Your output should be exactly the lines from the one containing "Tip it upside" through the final line of the records, both included, with every picture left out.

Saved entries
*** Block opens ***

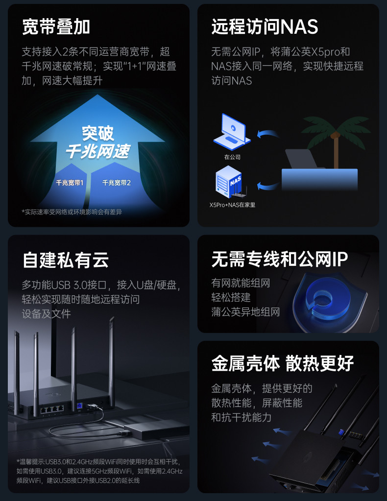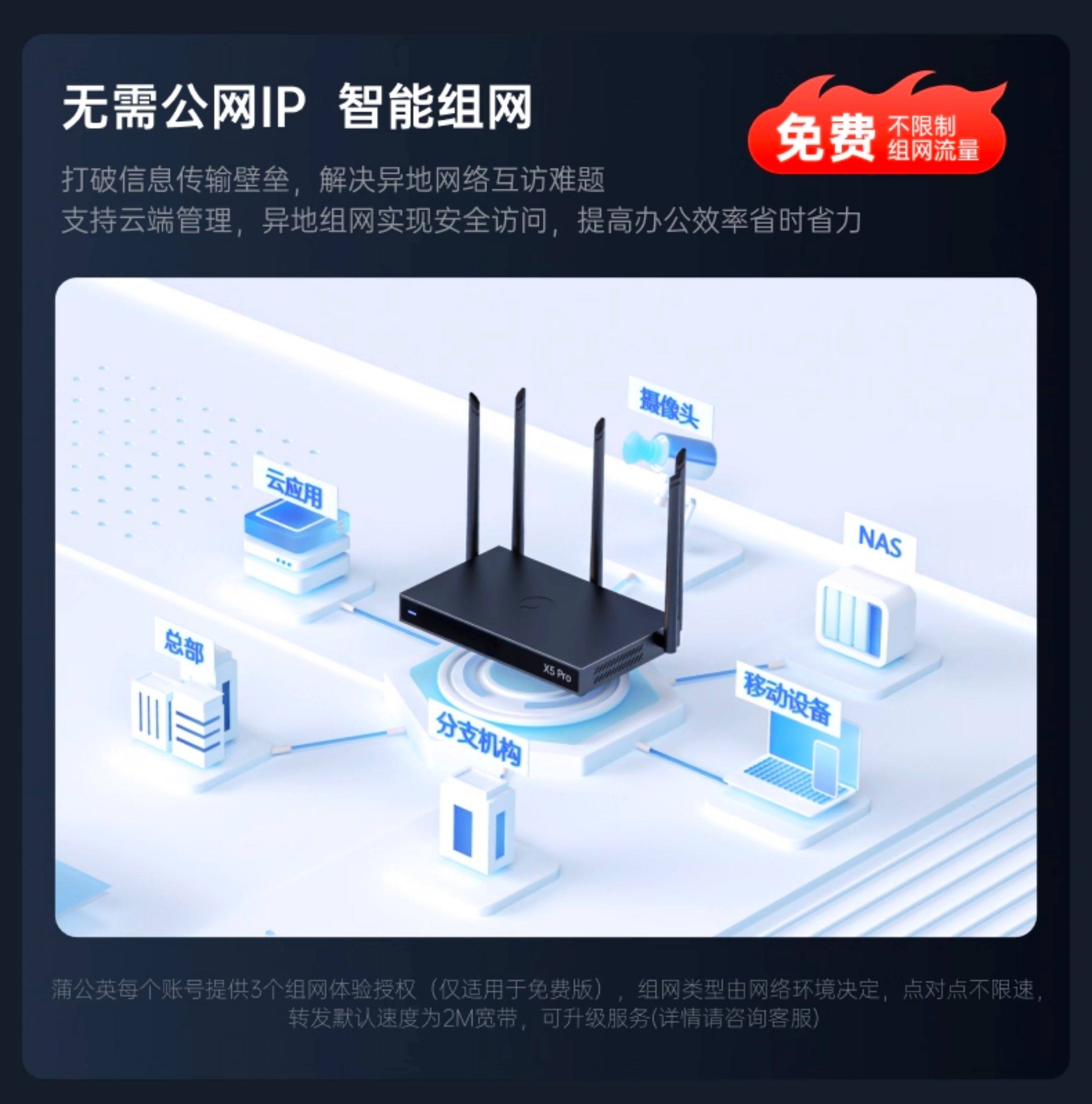 Dandelion Enterprise-Grade Soft Router X5Pro Dual Wan Ports 2.5g Gigabit Ax3000 Dual-Band Off-Site Networking Wifi6 Internal and External Network Penetration Medical Insurance Line Nas Video Surveillance Remote Access
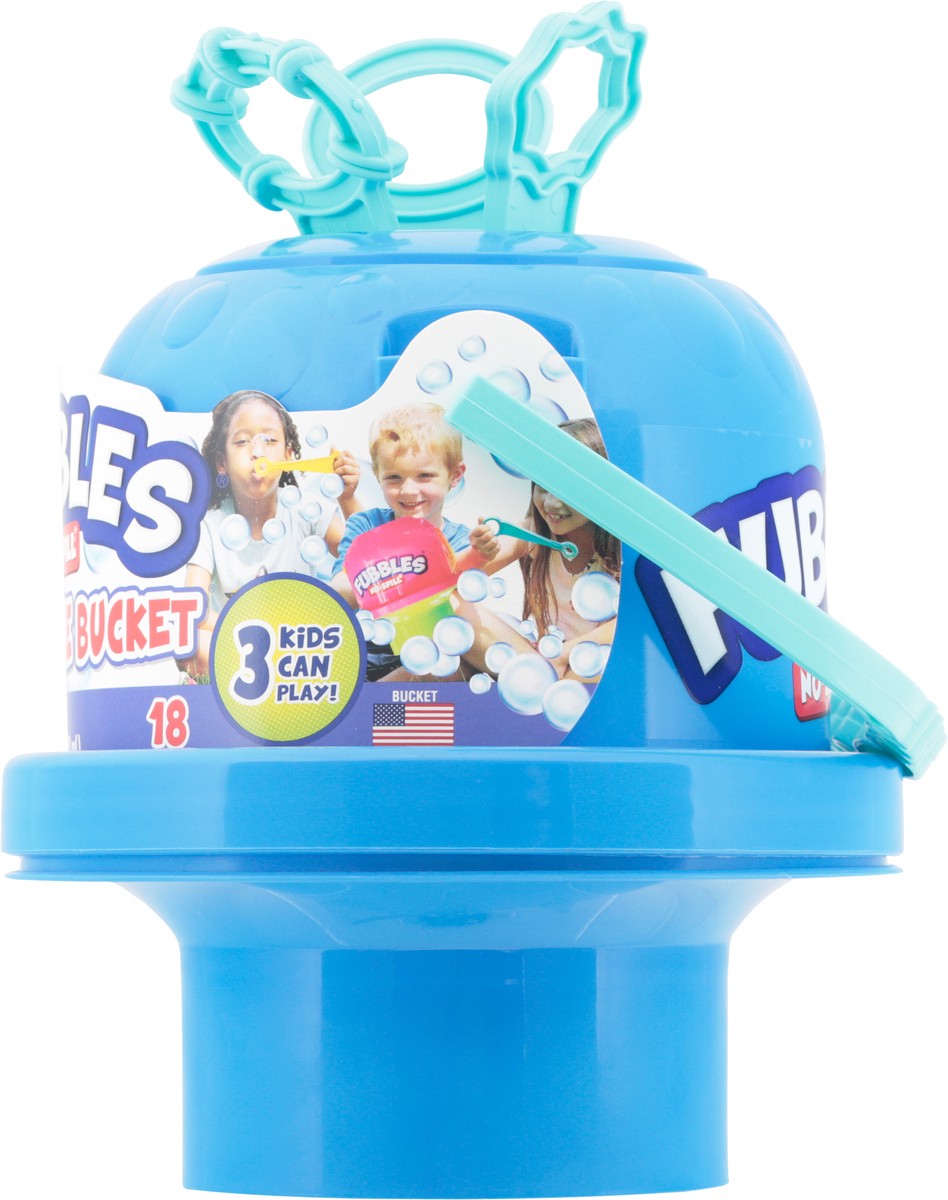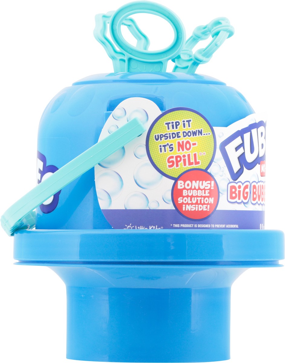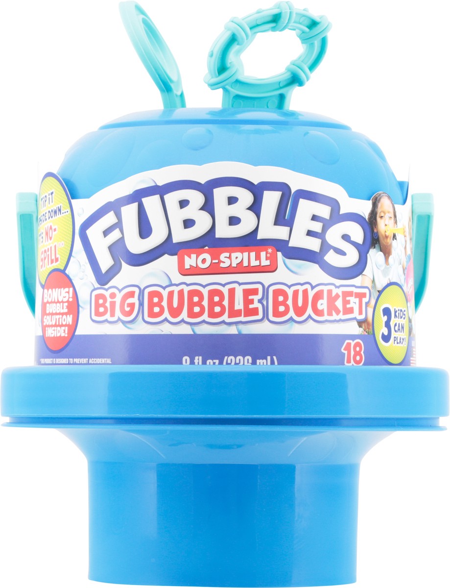 Tip it upside down - it's no-spill (This product designed to prevent accidental bubble spills. See back for more information). Bonus! Bubbles solution inside. 3 kids can play! No spill (This product d…
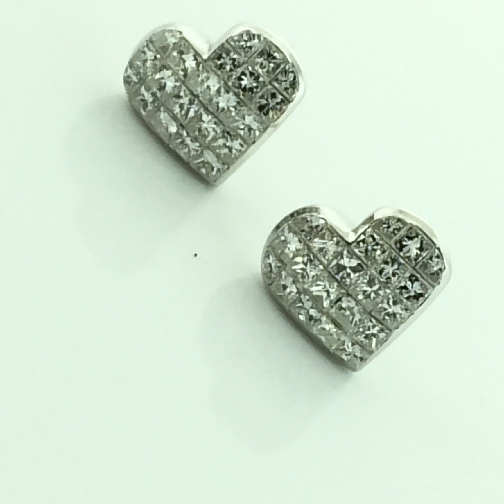 18K white gold invisibly set diamond heart earrings. The total weighof diamonds is 1.54 carats.
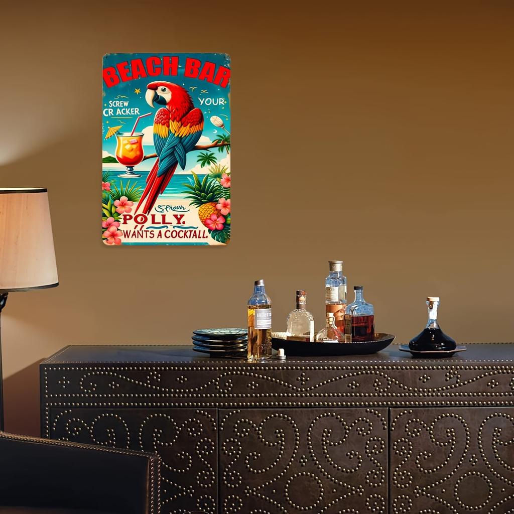 Set of 1 Vintage Aluminum Metal Sign Tropical Beach Bar Parrot Cocktail Design Retro Wall Decor for Pub Club Cafe Restroo
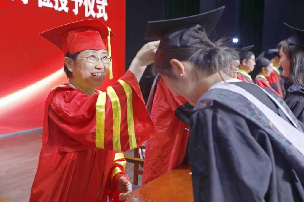 副院长毛凤翔宣读《太阳成集团tyc33455cc关于授予2024届本科毕业生学士学位的决定》,校领导、专家教授们为毕业生代表正冠拨苏,授予学士学位。
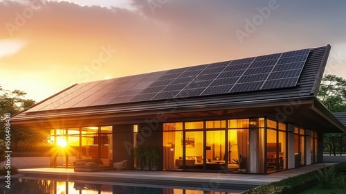 Obraz premium A modern home with solar panels on the roof during a vibrant sunset,...
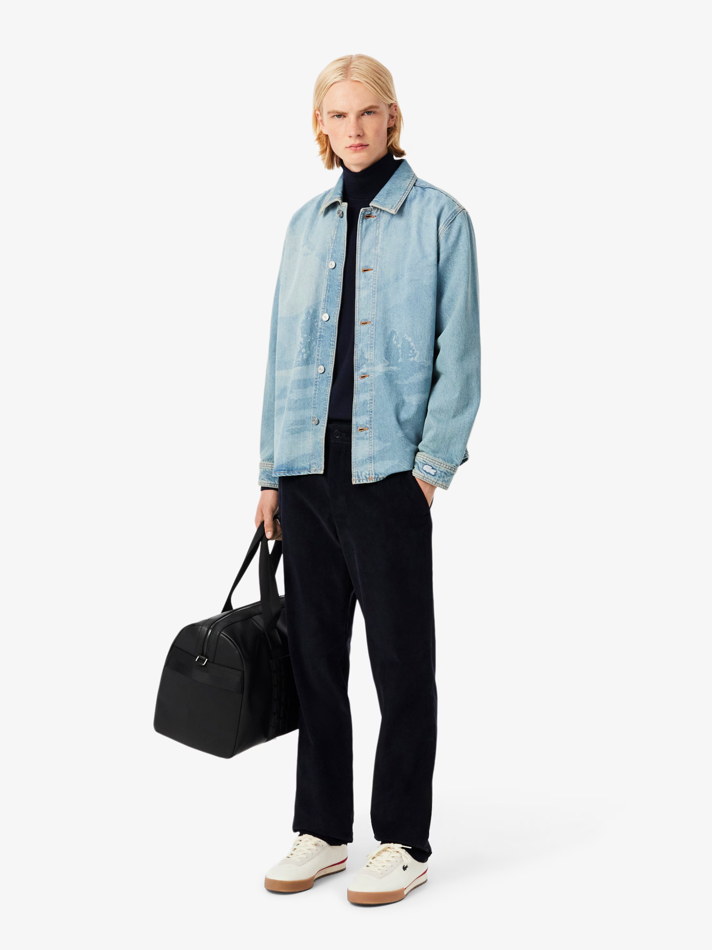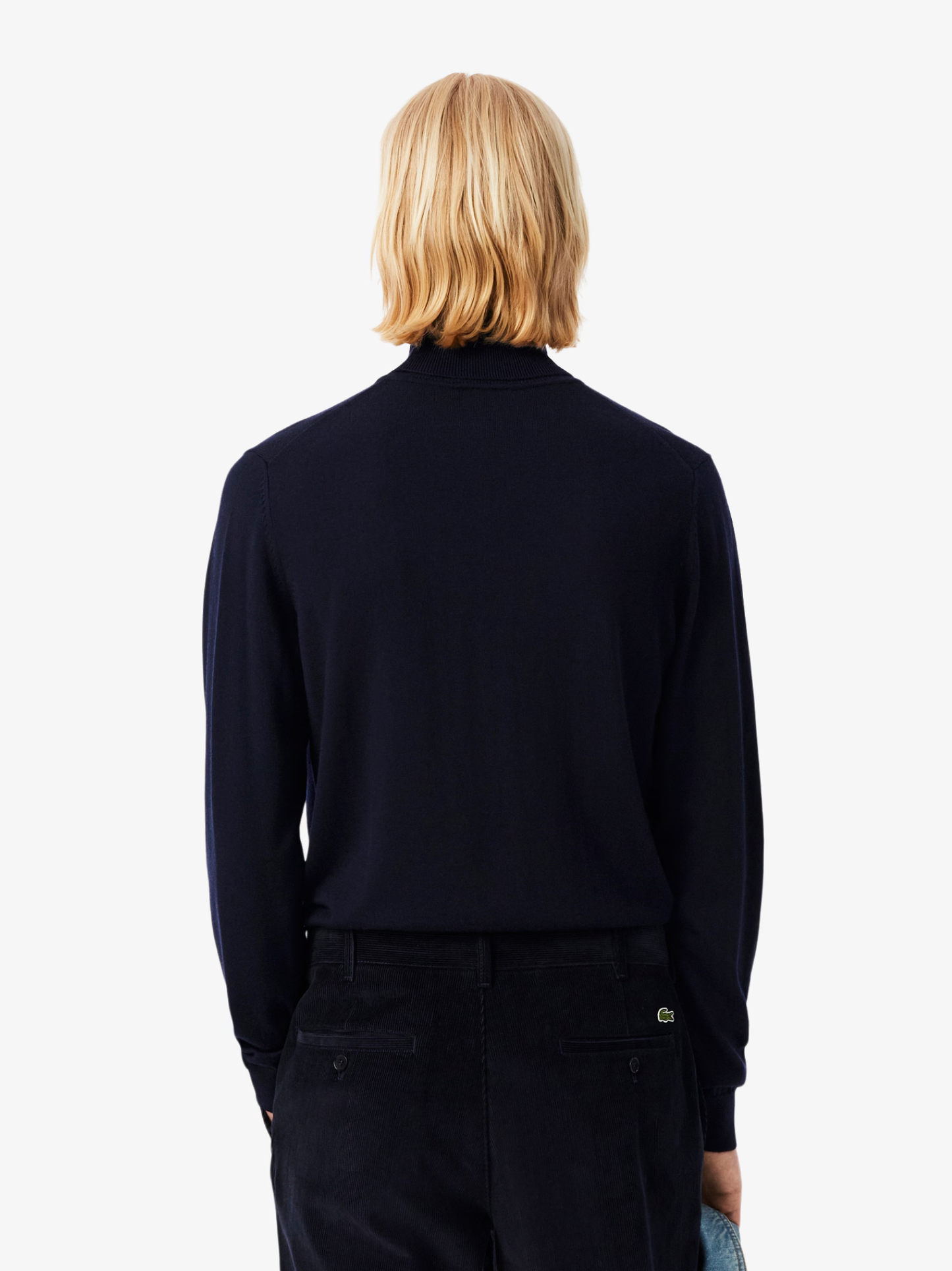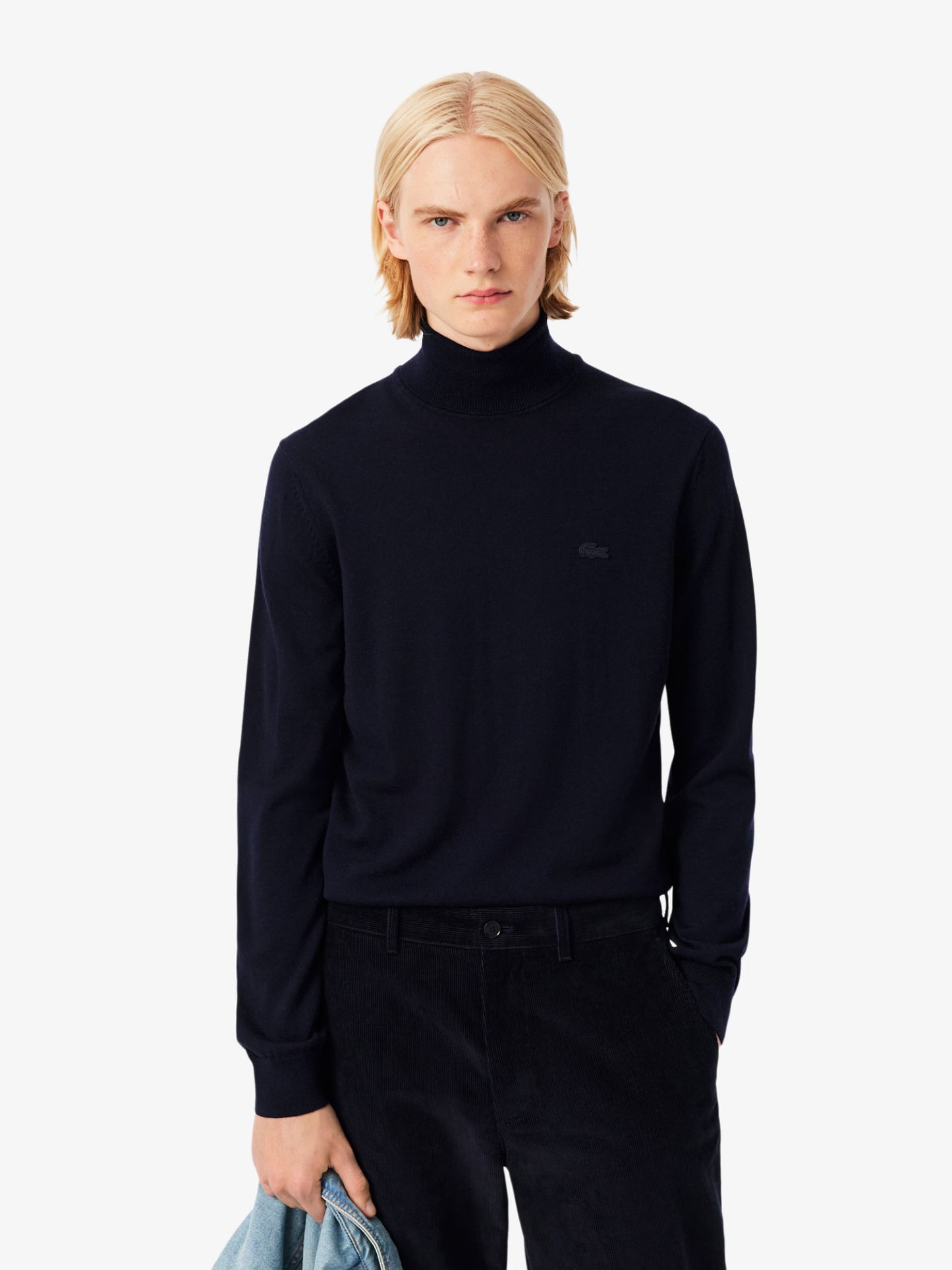 Streamlined flair defines this classic masculine icon featuring an ultra-chic turtleneck. Ethical farming made this merino wool jersey sweater possible and eco-friendly, it is enhanced by ribbed finishes and an embroidered crocodile on the chest. This masculine essential will keep you snug when the chill sets in.

*** Block closes ***

## SOLUTION FOR THIS PROBLEM
 Tip it upside down - it's no-spill (This product designed to prevent accidental bubble spills. See back for more information). Bonus! Bubbles solution inside. 3 kids can play! No spill (This product d…
 18K white gold invisibly set diamond heart earrings. The total weighof diamonds is 1.54 carats.
 Set of 1 Vintage Aluminum Metal Sign Tropical Beach Bar Parrot Cocktail Design Retro Wall Decor for Pub Club Cafe Restroo
 副院长毛凤翔宣读《太阳成集团tyc33455cc关于授予2024届本科毕业生学士学位的决定》,校领导、专家教授们为毕业生代表正冠拨苏,授予学士学位。
 Obraz premium A modern home with solar panels on the roof during a vibrant sunset,...
 Streamlined flair defines this classic masculine icon featuring an ultra-chic turtleneck. Ethical farming made this merino wool jersey sweater possible and eco-friendly, it is enhanced by ribbed finishes and an embroidered crocodile on the chest. This masculine essential will keep you snug when the chill sets in.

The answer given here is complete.